Letters to the editor
Pass the hemlock?
The environmental job market is horribly grim. Pink slips have hit five of my favorite colleagues this year alone. Pass the hemlock.
EP Discussion Forum
It's even worse than that. My entire department was outsourced, and one of the top performers is drinking heavily through his depression. I hate this industry.
EP Discussion Forum
"We always have time to do it over"
It is interesting how cutbacks and other leaning-out phenomena though, tend to hit on the older (read "expensive") worker. Most managements seem to have the philosophy that with hiring younger, less experienced workers they can get away with "We never have time to do it right, but we always have time to do it over."
Paul Farber, PE, DEE
R. A. Kerley Ink Engineers Inc.
Being part of the solution
I just finished reading your article "1999 Salary Survey" (Aug. 1999, p. 14). I act as one of two environmental compliance specialists with the Portland Public School District; I am happy to report that since the district recently switched to "pay for performance" based salary structure I am within the average for my job description. This was not the case prior to that switch.
Also, in reference to others who were concerned that they were not being fairly compensated based on management's view that what they did was not "revenue generating," I offer the following:
- The majority of companies that have a proactive environmental program generate revenue through cost avoidance.
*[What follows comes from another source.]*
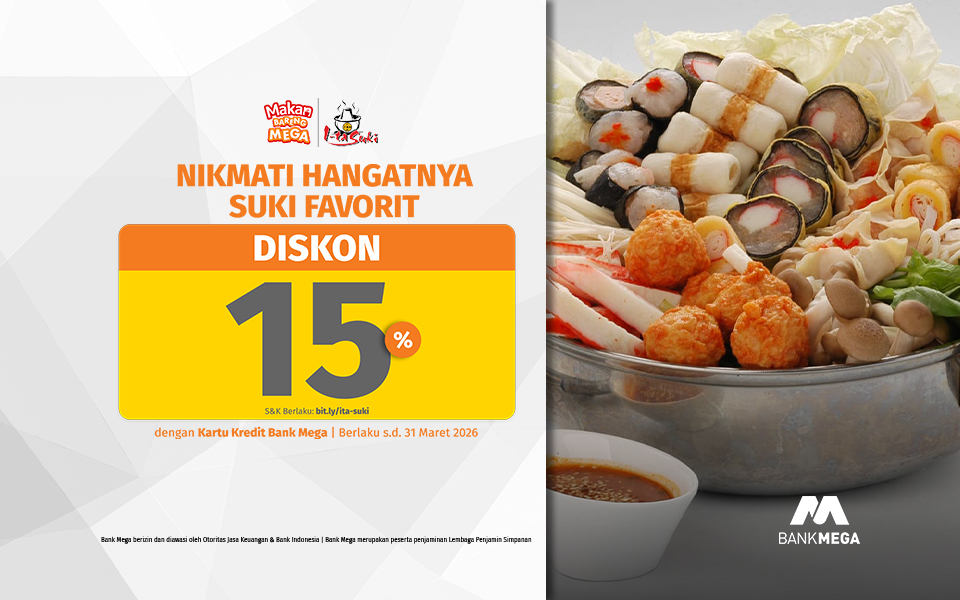 Kabar gembira bagi Anda para pecinta kuliner rebusan (suki) dan panggangan. Bank Mega kembali memanjakan nasabahnya dengan promo spesial. Kini, momen makan besar bersama keluarga atau rekan kerja di I-ta Suki bisa lebih hemat dengan diskon 15%.
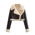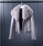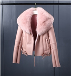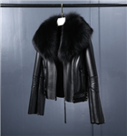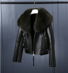 Krátká dámská koženková bunda s kožešinovým lemem z lišky

- Job consolidation is a world economic issue, not an environmental industry issue.
- Job-hopping to advance professionally has been on the increase since the early '80s throughout corporate America.
And at a personal level I take pride in the fact that what I do every day is a step toward a better environment for my kids and their kids. Call it moral superiority if you want, but I consider what I do part of the solution, instead of part of the problem. Besides, who needs all that money anyway? Live more simply; it's better for the environment.
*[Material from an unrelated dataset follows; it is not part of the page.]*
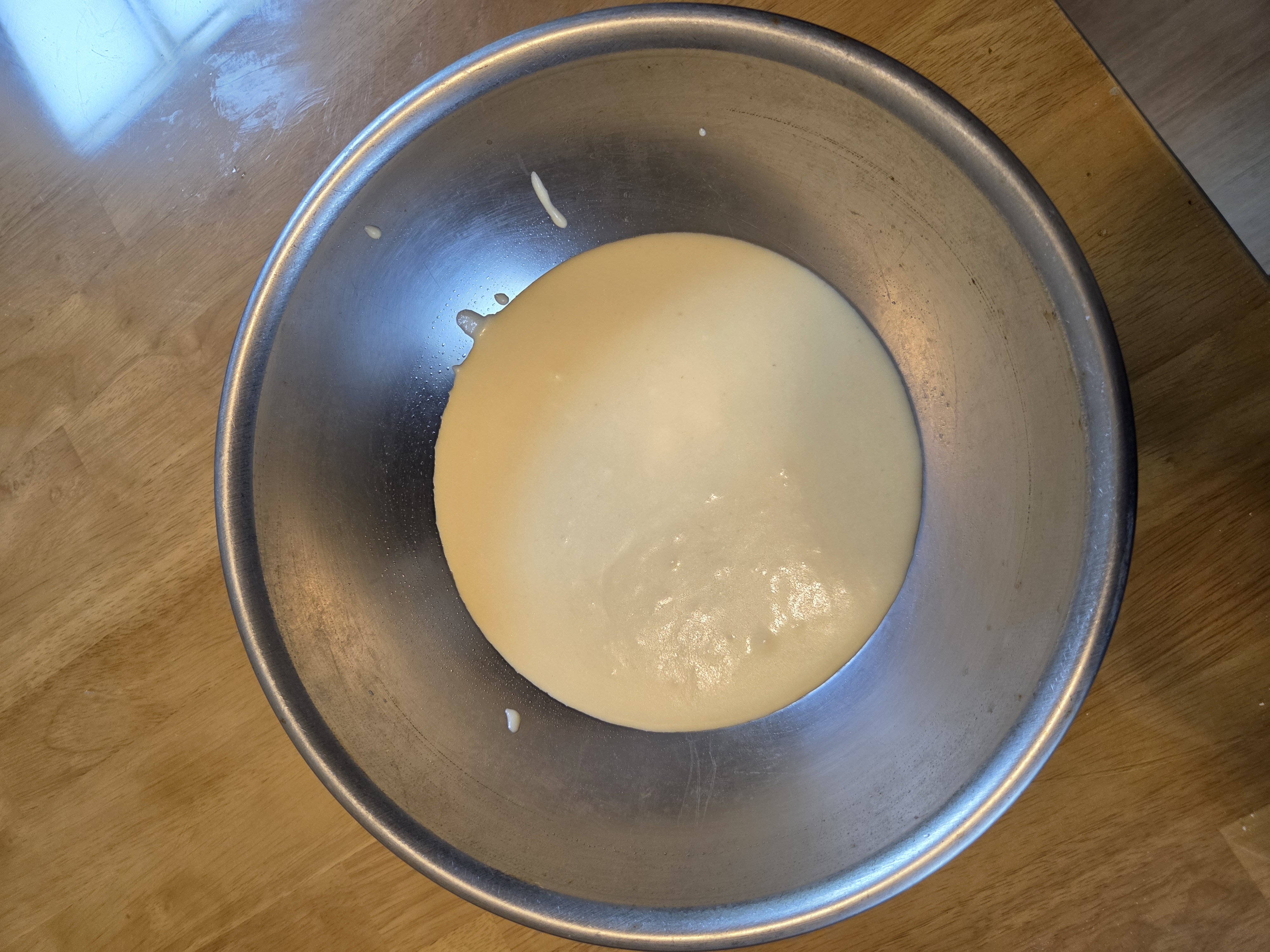 여기에 우유, 녹인 버터, 바닐라 오일을 넣고 잘 섞어줍니다.

Portland Public School District
Hitting close to home
I'm a new subscriber to Environmental Protection, having just received my first issue (August '99). I must say that I'm impressed with the magazine: the contents, layout, and especially, the snappy writing. While other environmental journals focus exclusively on either technical or management subjects, EP presents a nice mix of both.
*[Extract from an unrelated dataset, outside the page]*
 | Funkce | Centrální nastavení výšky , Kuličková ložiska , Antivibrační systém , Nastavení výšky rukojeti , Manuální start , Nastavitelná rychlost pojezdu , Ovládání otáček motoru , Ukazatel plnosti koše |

The August issue was excellent, especially the salary survey and MACT articles ("The MACT trap," p. 29). These pieces were quite informative and timely and, what's more, "hit close to home." The salary article pointed out, for instance, that the compensation for consultants has not risen as quickly as that for environmental professionals in other sectors. As a 30-year veteran EPA engineer who intends to start a consulting firm upon retirement at the end of this year, that particular news was less than heartening. (Yet, it will not prevent me from hanging out my shingle!)
The MACT article provides an excellent overview of what can be (even to some EPAers) a complex, incomprehensible program. Our group provides direct economic analysis support to the MACT standards development process. Our group's control cost "tools" (e.g., OAQPS Control Cost Manual) also are often used to provide input in making case-by-case MACT determinations and can be found at our office of Air Quality Planning & Standards Technology Transfer Network Web site (www.epa.gov/ttn/catc).
William M. Vatavuk, PE
Senior Chemical Engineer
U.S. Environmental Protection Agency
Research Triangle Park, N.C.
A clever impostor?
I read with interest your news from Cornell University regarding the research going on there to find a natural pesticide against the corn borer and its possible poisoning to the monarch butterfly. The photo accompanying the article, however, is not that of a monarch. It's a viceroy butterfly, a monarch mimic. Aside from a difference in size - the viceroy is smaller - the diagnostic feature that separates the two is the transverse black bars that bisect the hind wings. The monarch does not have these.
Thought you might like to know, or was this a test to see if your readers were paying attention?
William E. Thirey
Your observation is correct. You and a few other eagle-eyed readers were able to catch our mistake. The photo we used had unfortunately been mislabeled as being that of a monarch butterfly - thank you for helping us uncover the impostor!